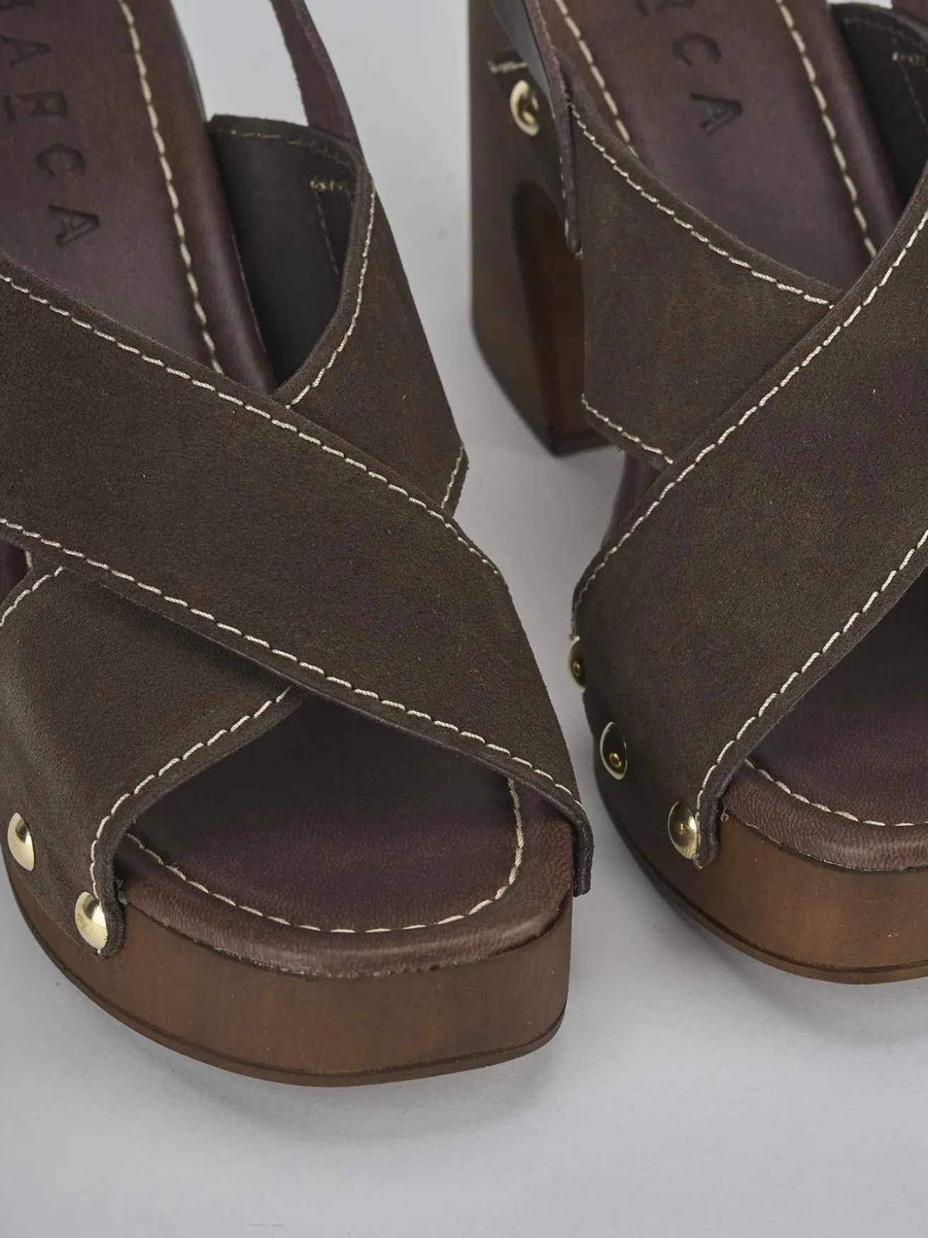 Sandalo tacco 9 cm fondo in gomma e soletto interno in vera pelle. Tomaia in morbido camoscio, punta leggermente squadrata, cuciture visibili, fasce incrociate, cinturino con fibbia regolabile sul tallone, borchie laterali. Plateau di 2 cm anteriore. Per un look sia casual sia elegante.
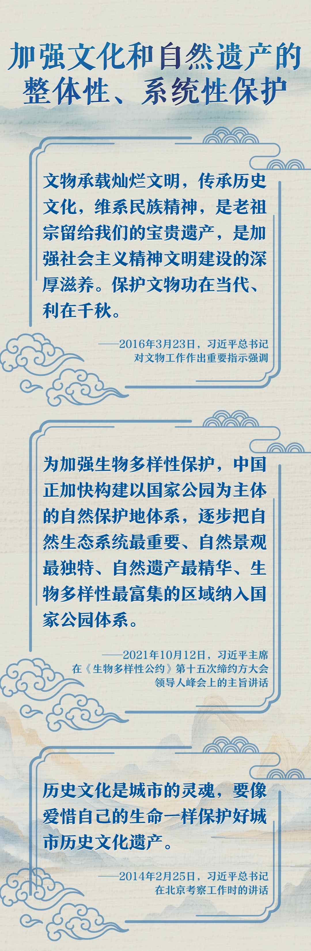 文化遺產(chǎn)體現(xiàn)了中華民族旺盛的生命力和創(chuàng)造力,自然遺產(chǎn)昭示了神奇的自然造化同中華民族的和諧依存關(guān)系。習(xí)近平總書記一直以來(lái)高度重視文化和自然遺產(chǎn)保護(hù)傳承利用工作,近日專門就此作出重要指示強(qiáng)調(diào),守護(hù)好中華民族的文化瑰寶和自然珍寶,讓文化和自然遺產(chǎn)在新時(shí)代煥發(fā)新活力綻放新光彩。讓我們一同學(xué)習(xí)。
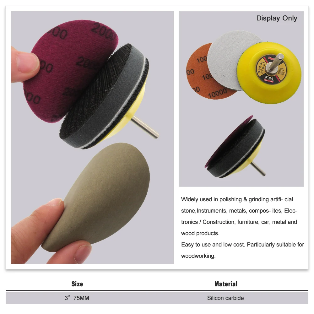 √ Он используется для точного шлифования поверхности формы, а также в камне, лаковой поверхности, зеркальной обработки поверхности, такой как полировка фар. Водонепроницаемые шлифовальные диски также используется для сухой шлифовки, это более сложно, чем белая Сухая наждачная бумага.
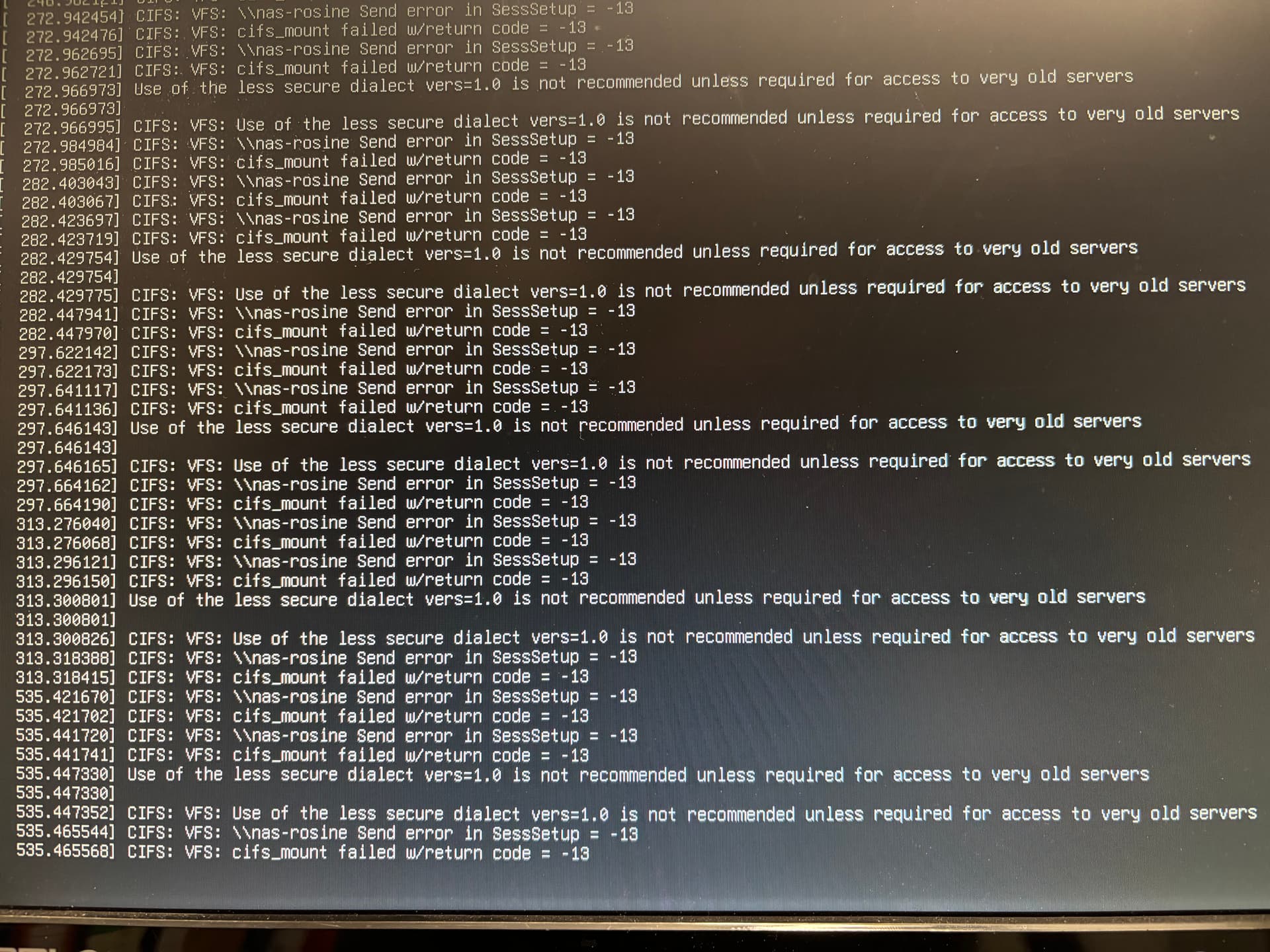 Dec 28 21:26:53 DietPi kernel: CIFS: VFS: \\nas-rosine Send error in SessSetup = -13
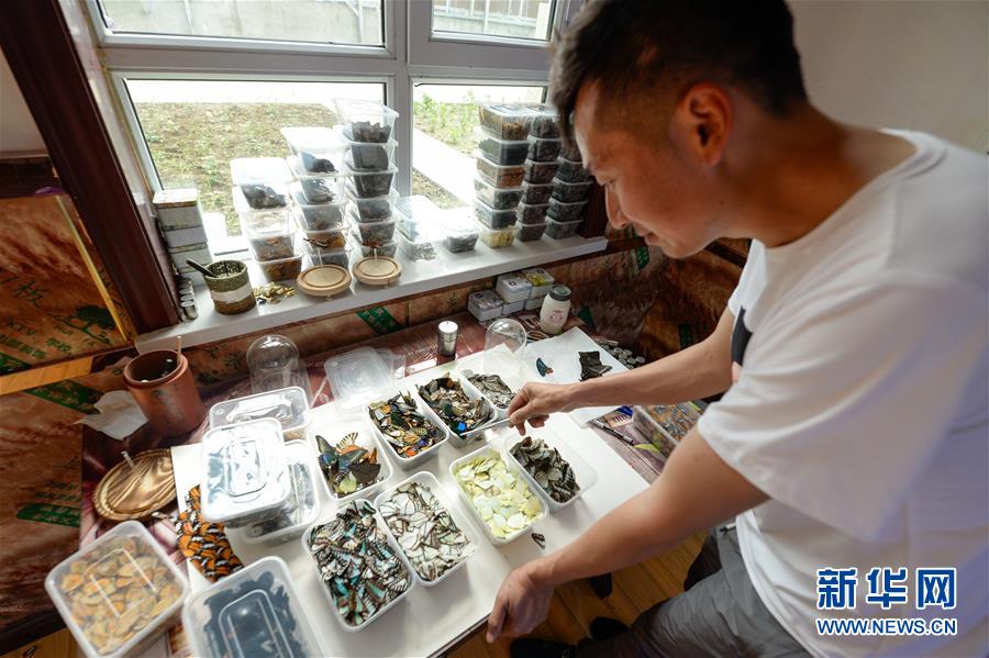 在吉木薩爾縣七彩蝶園,關(guān)富云在制作蝴蝶標(biāo)本(5月15日攝)。走進(jìn)關(guān)富云的七彩蝶園,游客不僅可以近距離接觸翩翩起舞的蝴蝶,還可以欣賞蝴蝶破繭成蝶的蛻變過程。今年34歲的關(guān)富云用9年的時(shí)間實(shí)現(xiàn)了自己的“蝴蝶夢(mèng)”,完成美麗的“蝶變”。關(guān)富云家住新疆吉木薩爾縣北地社區(qū)。2011年,他看到一檔農(nóng)業(yè)致富節(jié)目,萌生了養(yǎng)殖蝴蝶的想法。關(guān)富云說,當(dāng)時(shí)蝴蝶養(yǎng)殖還是一種新興產(chǎn)業(yè),他抱著試一試的想法,在海南學(xué)習(xí)了3個(gè)月蝴蝶養(yǎng)殖,帶回100多個(gè)蝶蛹在家試驗(yàn)養(yǎng)殖。蝴蝶的生存周期短,在當(dāng)?shù)仞B(yǎng)殖需要克服溫度、濕度、病蟲害等問題。關(guān)富云不斷嘗試,越挫越勇,羽化成功的蝴蝶在2014年終于突破了萬只。蝴蝶的色彩艷麗,活體蝴蝶可用于婚慶、開業(yè)慶典等活動(dòng)中放飛,可以取得很好的收益。但它的生命短暫,如何才能最大化蝴蝶的效益,留住它的美呢?關(guān)富云動(dòng)起了心思,開始嘗試制作標(biāo)本和蝶翅畫?!昂宛B(yǎng)殖不同,做蝶翅畫是個(gè)創(chuàng)作的過程,從選擇標(biāo)本到粘貼,每一步都要突出美感?!标P(guān)富云介紹,一幅色彩明艷、栩栩如生的蝶翅畫耗時(shí)多日才能完成。如今,關(guān)富云的活體蝴蝶和蝶翅畫通過線上線下銷售,產(chǎn)品還銷往北京、廈門等地。關(guān)富云的蝴蝶產(chǎn)品得到市場的認(rèn)可,政府也對(duì)他給予大力支持。2019年,吉木薩爾縣在泉子街鎮(zhèn)建起蝴蝶觀賞園,吸引了不少游客到此參觀游玩。對(duì)于未來的發(fā)展,關(guān)富云信心滿滿,“我希望把蝴蝶產(chǎn)業(yè)發(fā)展到天山南北,讓人們?cè)诤涞亩疽材苡^賞到蝴蝶,并且讓更多人參與其中,致富脫貧”。新華社記者丁磊攝

== EXERCISE DETAILS ==
The answer should contain only the lines from the beginning of the material above through the line with "Dec 28 21:26:53", retyped exactly, with the pictures removed.

== ANSWER BOX ==
 Sandalo tacco 9 cm fondo in gomma e soletto interno in vera pelle. Tomaia in morbido camoscio, punta leggermente squadrata, cuciture visibili, fasce incrociate, cinturino con fibbia regolabile sul tallone, borchie laterali. Plateau di 2 cm anteriore. Per un look sia casual sia elegante.
 文化遺產(chǎn)體現(xiàn)了中華民族旺盛的生命力和創(chuàng)造力,自然遺產(chǎn)昭示了神奇的自然造化同中華民族的和諧依存關(guān)系。習(xí)近平總書記一直以來(lái)高度重視文化和自然遺產(chǎn)保護(hù)傳承利用工作,近日專門就此作出重要指示強(qiáng)調(diào),守護(hù)好中華民族的文化瑰寶和自然珍寶,讓文化和自然遺產(chǎn)在新時(shí)代煥發(fā)新活力綻放新光彩。讓我們一同學(xué)習(xí)。
 √ Он используется для точного шлифования поверхности формы, а также в камне, лаковой поверхности, зеркальной обработки поверхности, такой как полировка фар. Водонепроницаемые шлифовальные диски также используется для сухой шлифовки, это более сложно, чем белая Сухая наждачная бумага.
 Dec 28 21:26:53 DietPi kernel: CIFS: VFS: \\nas-rosine Send error in SessSetup = -13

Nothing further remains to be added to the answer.